Items listed in a dataset

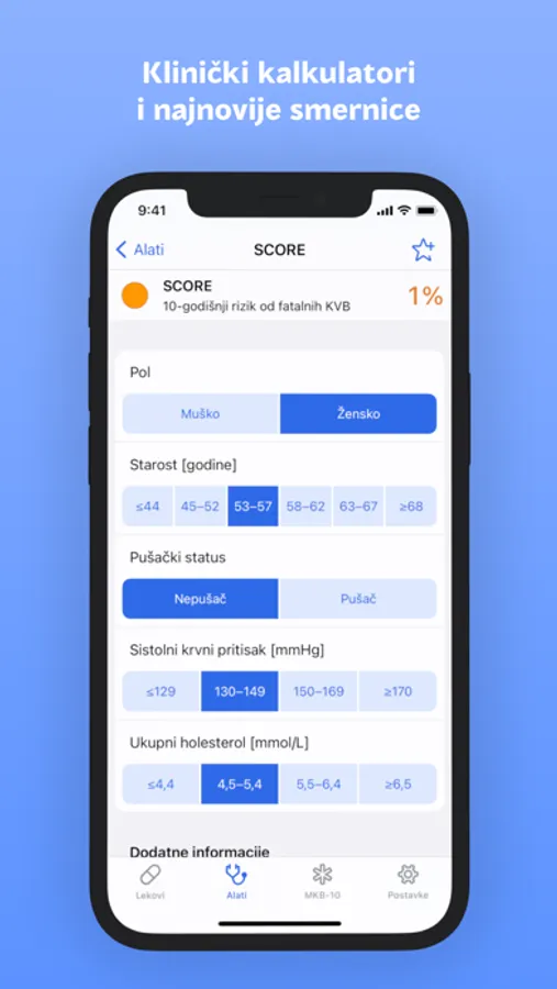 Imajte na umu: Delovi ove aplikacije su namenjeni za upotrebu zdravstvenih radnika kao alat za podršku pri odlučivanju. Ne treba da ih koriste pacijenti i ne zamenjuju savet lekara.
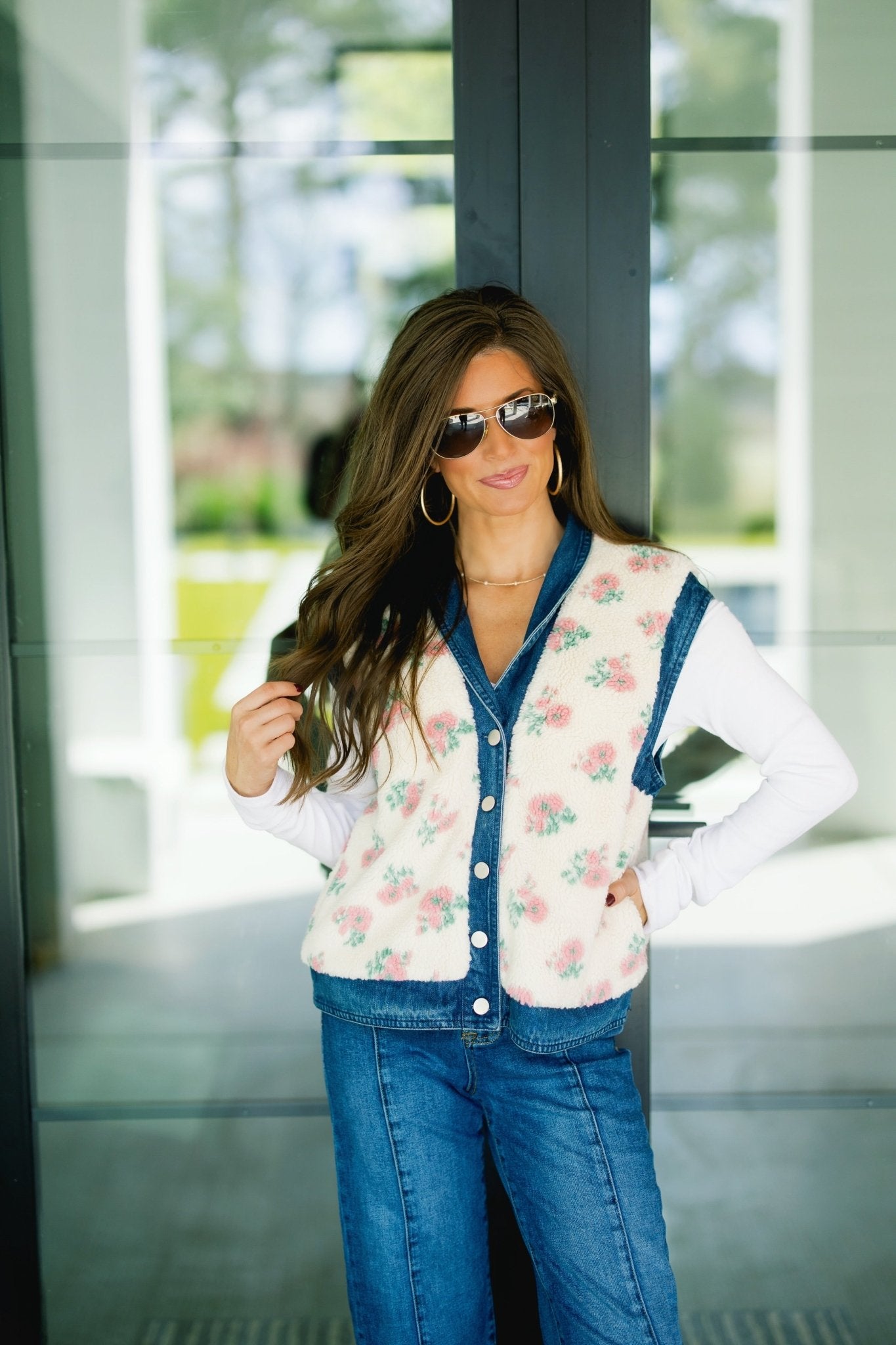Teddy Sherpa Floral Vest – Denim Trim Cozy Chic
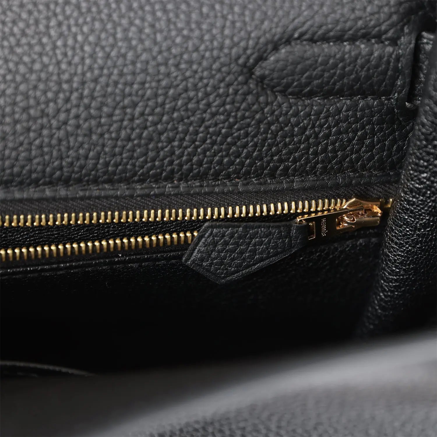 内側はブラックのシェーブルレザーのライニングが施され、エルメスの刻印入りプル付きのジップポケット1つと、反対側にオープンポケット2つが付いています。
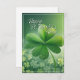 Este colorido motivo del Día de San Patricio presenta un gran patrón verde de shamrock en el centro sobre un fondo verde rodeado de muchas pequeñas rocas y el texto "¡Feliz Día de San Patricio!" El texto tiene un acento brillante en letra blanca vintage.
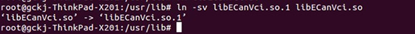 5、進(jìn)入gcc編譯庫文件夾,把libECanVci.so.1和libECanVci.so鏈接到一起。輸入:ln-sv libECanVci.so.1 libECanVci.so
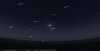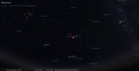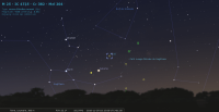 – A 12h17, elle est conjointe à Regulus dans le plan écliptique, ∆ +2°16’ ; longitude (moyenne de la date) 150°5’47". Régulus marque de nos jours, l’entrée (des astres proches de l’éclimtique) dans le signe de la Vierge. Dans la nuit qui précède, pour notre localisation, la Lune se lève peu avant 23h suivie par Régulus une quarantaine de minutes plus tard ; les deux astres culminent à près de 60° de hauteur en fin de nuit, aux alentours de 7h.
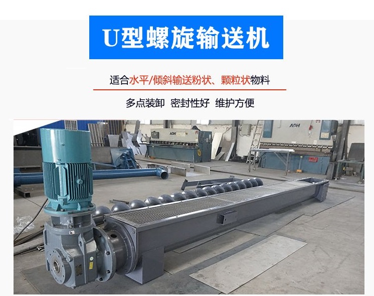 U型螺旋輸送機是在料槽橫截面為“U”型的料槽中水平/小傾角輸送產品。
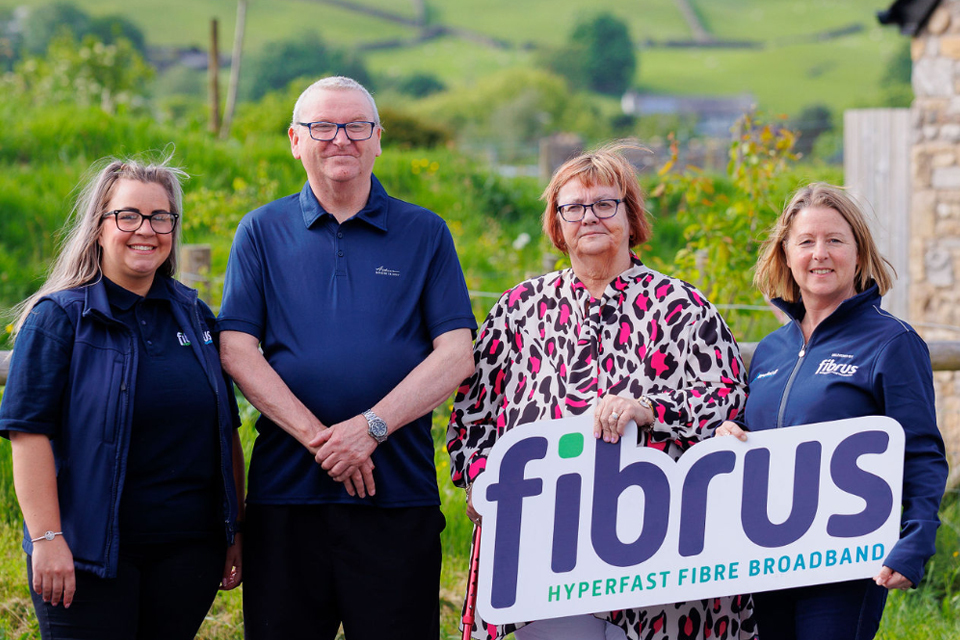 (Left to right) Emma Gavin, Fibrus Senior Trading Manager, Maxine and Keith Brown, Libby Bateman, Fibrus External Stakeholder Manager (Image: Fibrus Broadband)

## REQUIREMENT:
Every line from the top of the records above to the line with "Teddy Sherpa Floral", inclusive, should be duplicated exactly, minus the pictures.

## EXPECTED OUTPUT:
 Imajte na umu: Delovi ove aplikacije su namenjeni za upotrebu zdravstvenih radnika kao alat za podršku pri odlučivanju. Ne treba da ih koriste pacijenti i ne zamenjuju savet lekara.
Teddy Sherpa Floral Vest – Denim Trim Cozy Chic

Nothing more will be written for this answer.